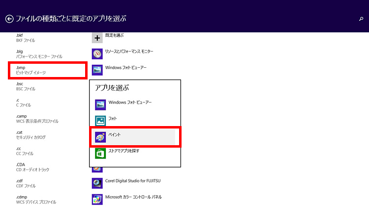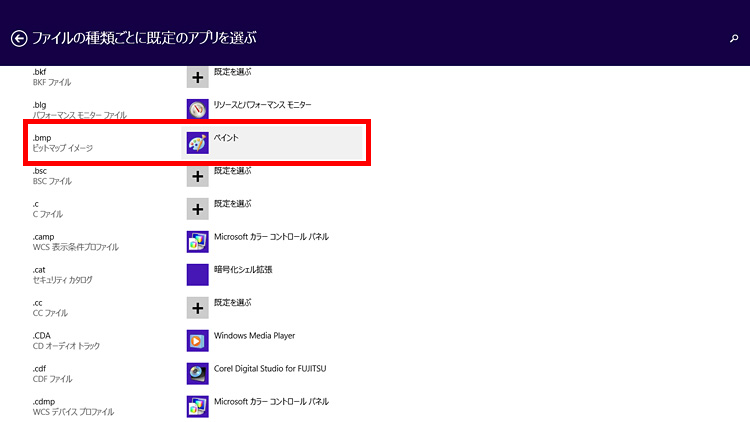 変更したいファイルの種類(ここでは.bmp)のアプリをクリックし、リストから既定のアプリに設定したいアプリを選択します。
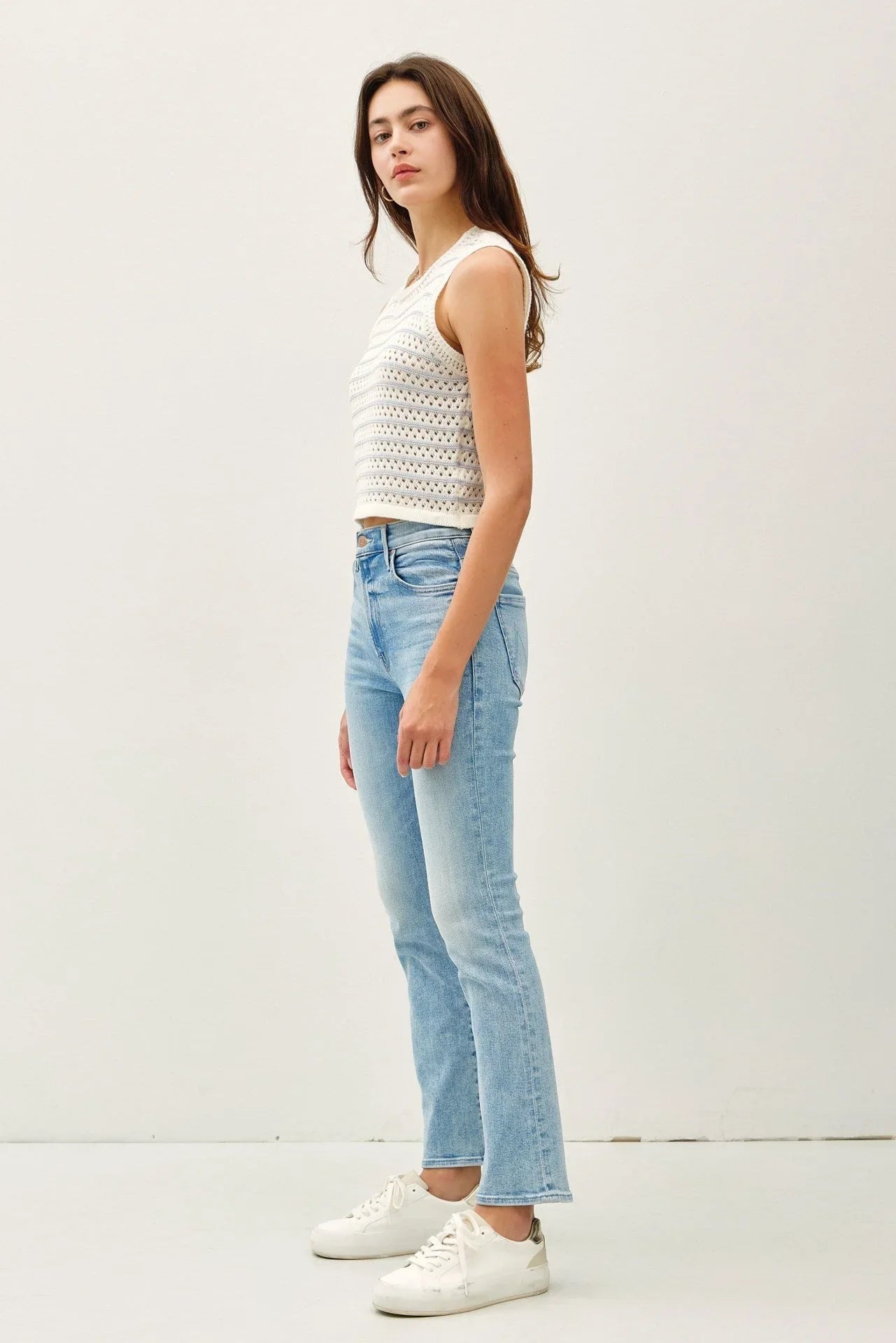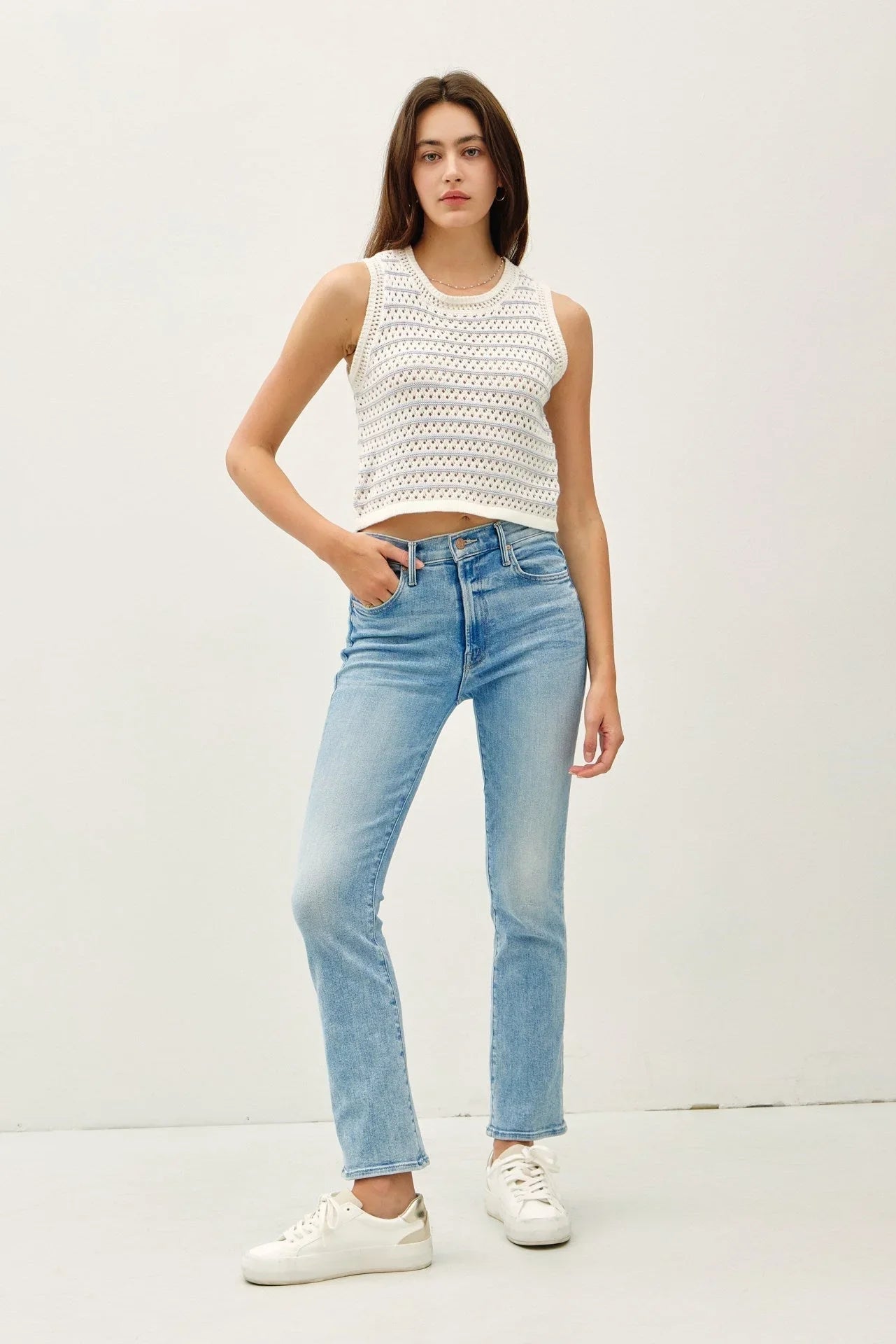 Pair it with high-waisted jeans for a chic, laid-back look or layer under a blazer for a polished finish. Whether you're heading out for brunch or enjoying a relaxed day at home, this sweater tank is your go-to for style and comfort.
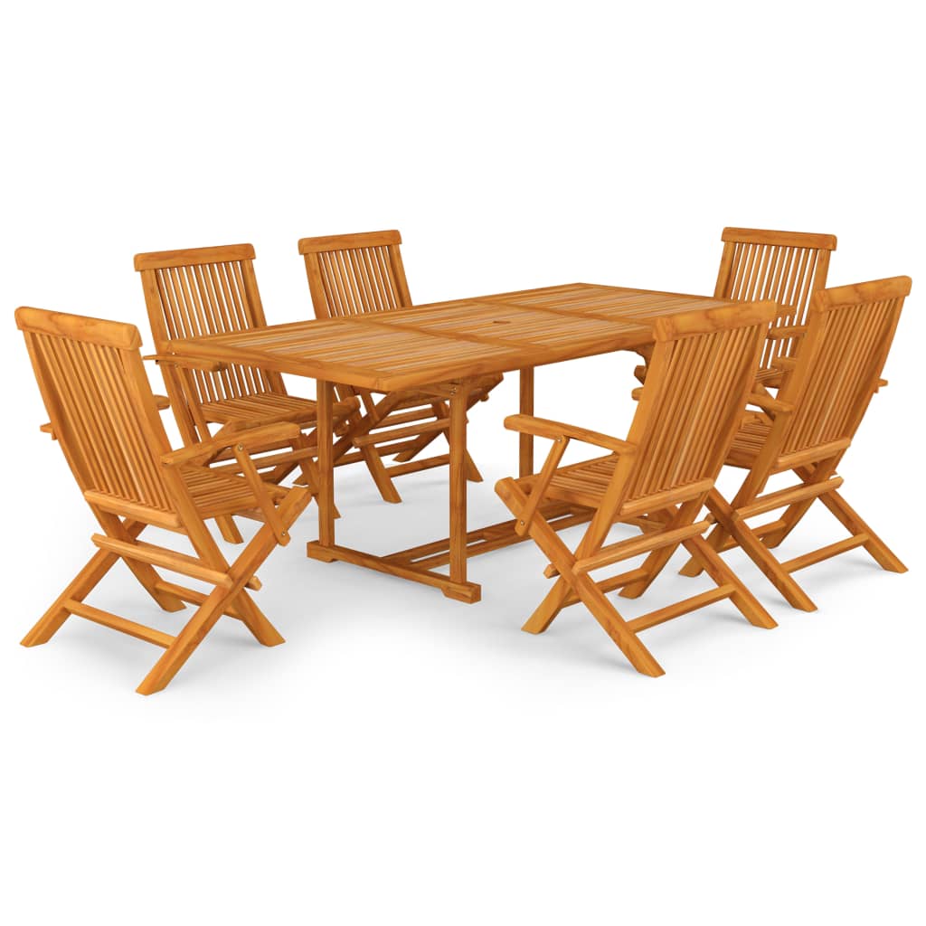 Diese Holz-Garten-Essgruppe eignet sich perfekt zum Essen oder Entspannen im Garten oder auf der Terrasse. Sie ist auch für den Innenbereich ideal geeignet. Das für dieses Möbelstück verwendete Teakholz ist technisch getrocknet und anschließend fein geschliffen worden, um ein sehr glattes Erscheinungsbild zu erzielen. Teakholz ist für seine außergewöhnliche Festigkeit und Witterungsbeständigkeit geschätzt und eignet sich daher weitaus besser für Gartenmöbel als jede andere Holzart. Teakholz ist die perfekte Wahl, wenn Sie ein langlebiges Möbelstück haben möchten. Darüber hinaus widersteht die Essgruppe auch Feuchtigkeit und Insektenbefall. Das Set weist ein schönes Finish auf, das dem Holz eine warme Farbe verleiht. Durch sein spezielles Design kann der Esstisch bei Bedarf um höchstens 200 cm verlängert werden. Es ist außerdem mit einem Schirmloch versehen für einen Schirm zum Schutz vor der Sonne. Außerdem können die Stühle bei Nichtgebrauch leicht zusammengeklappt werden. Sie bieten Ihnen Komfort und Bequemlichkeit, um die Zeit mit Ihrer Familie und Freunden zu genießen. Darüber hinaus ist dieses Set außerdem leicht mit einem feuchten Tuch zu reinigen.
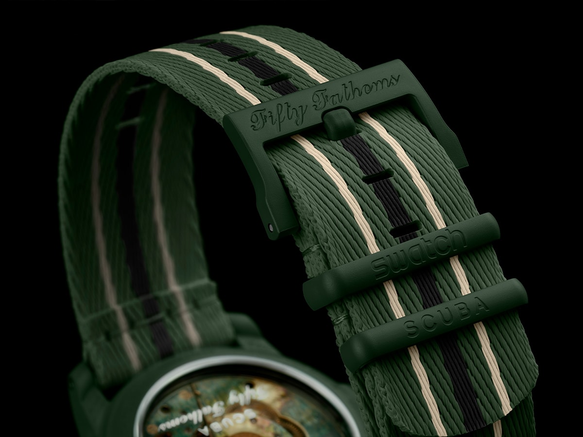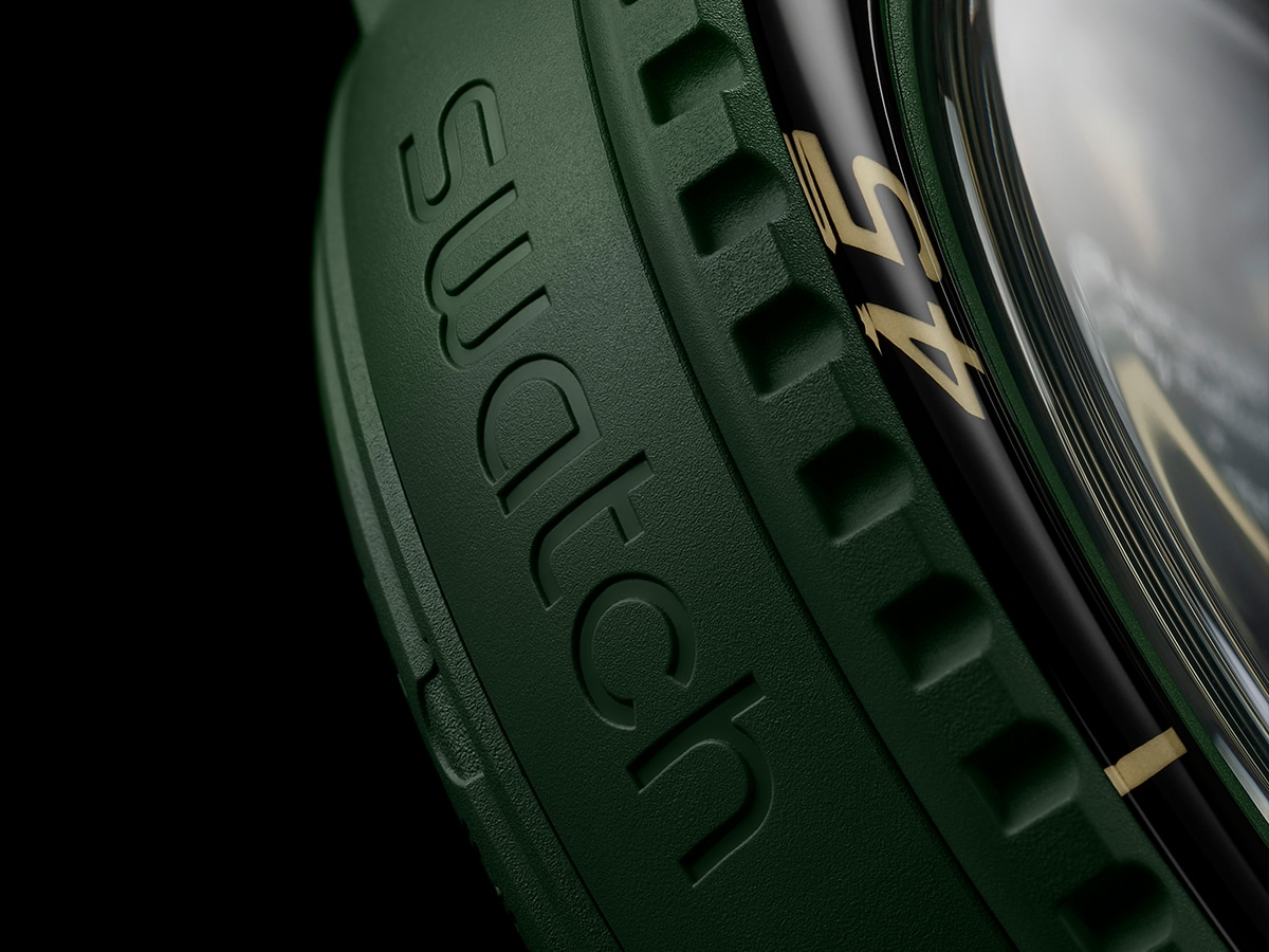 Ищите Blancpain x Swatch Bioceramic Scuba Fifty Fathoms ‘Green Abyss’ в магазинах Swatch с 7 июня 2025 года.
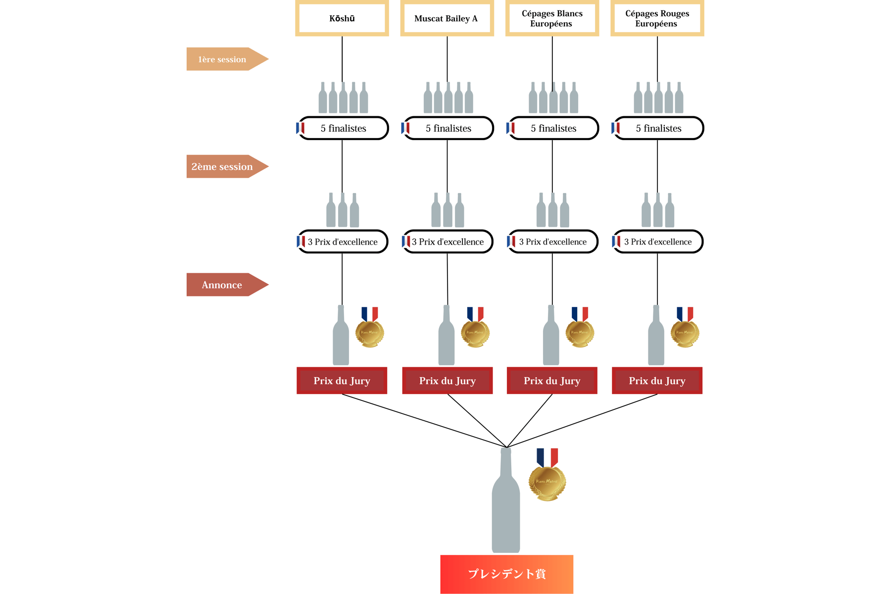 - Les vins doivent être des vins japonais confectionnés et commercialisés selon la Loi Japonaise, et conformes aux lois et règlements en vigueur au Japon. Par ailleurs, le vin doit être scellé avec un système de bouchon non réutilisable.

▶ [GOAL OF THE EXERCISE] Please reproduce all the material exactly. Pictures stay out of the copy.

▶ [ANSWER TO THIS EXERCISE]
 変更したいファイルの種類(ここでは.bmp)のアプリをクリックし、リストから既定のアプリに設定したいアプリを選択します。
 Pair it with high-waisted jeans for a chic, laid-back look or layer under a blazer for a polished finish. Whether you're heading out for brunch or enjoying a relaxed day at home, this sweater tank is your go-to for style and comfort.
 Diese Holz-Garten-Essgruppe eignet sich perfekt zum Essen oder Entspannen im Garten oder auf der Terrasse. Sie ist auch für den Innenbereich ideal geeignet. Das für dieses Möbelstück verwendete Teakholz ist technisch getrocknet und anschließend fein geschliffen worden, um ein sehr glattes Erscheinungsbild zu erzielen. Teakholz ist für seine außergewöhnliche Festigkeit und Witterungsbeständigkeit geschätzt und eignet sich daher weitaus besser für Gartenmöbel als jede andere Holzart. Teakholz ist die perfekte Wahl, wenn Sie ein langlebiges Möbelstück haben möchten. Darüber hinaus widersteht die Essgruppe auch Feuchtigkeit und Insektenbefall. Das Set weist ein schönes Finish auf, das dem Holz eine warme Farbe verleiht. Durch sein spezielles Design kann der Esstisch bei Bedarf um höchstens 200 cm verlängert werden. Es ist außerdem mit einem Schirmloch versehen für einen Schirm zum Schutz vor der Sonne. Außerdem können die Stühle bei Nichtgebrauch leicht zusammengeklappt werden. Sie bieten Ihnen Komfort und Bequemlichkeit, um die Zeit mit Ihrer Familie und Freunden zu genießen. Darüber hinaus ist dieses Set außerdem leicht mit einem feuchten Tuch zu reinigen.
 Ищите Blancpain x Swatch Bioceramic Scuba Fifty Fathoms ‘Green Abyss’ в магазинах Swatch с 7 июня 2025 года.
 - Les vins doivent être des vins japonais confectionnés et commercialisés selon la Loi Japonaise, et conformes aux lois et règlements en vigueur au Japon. Par ailleurs, le vin doit être scellé avec un système de bouchon non réutilisable.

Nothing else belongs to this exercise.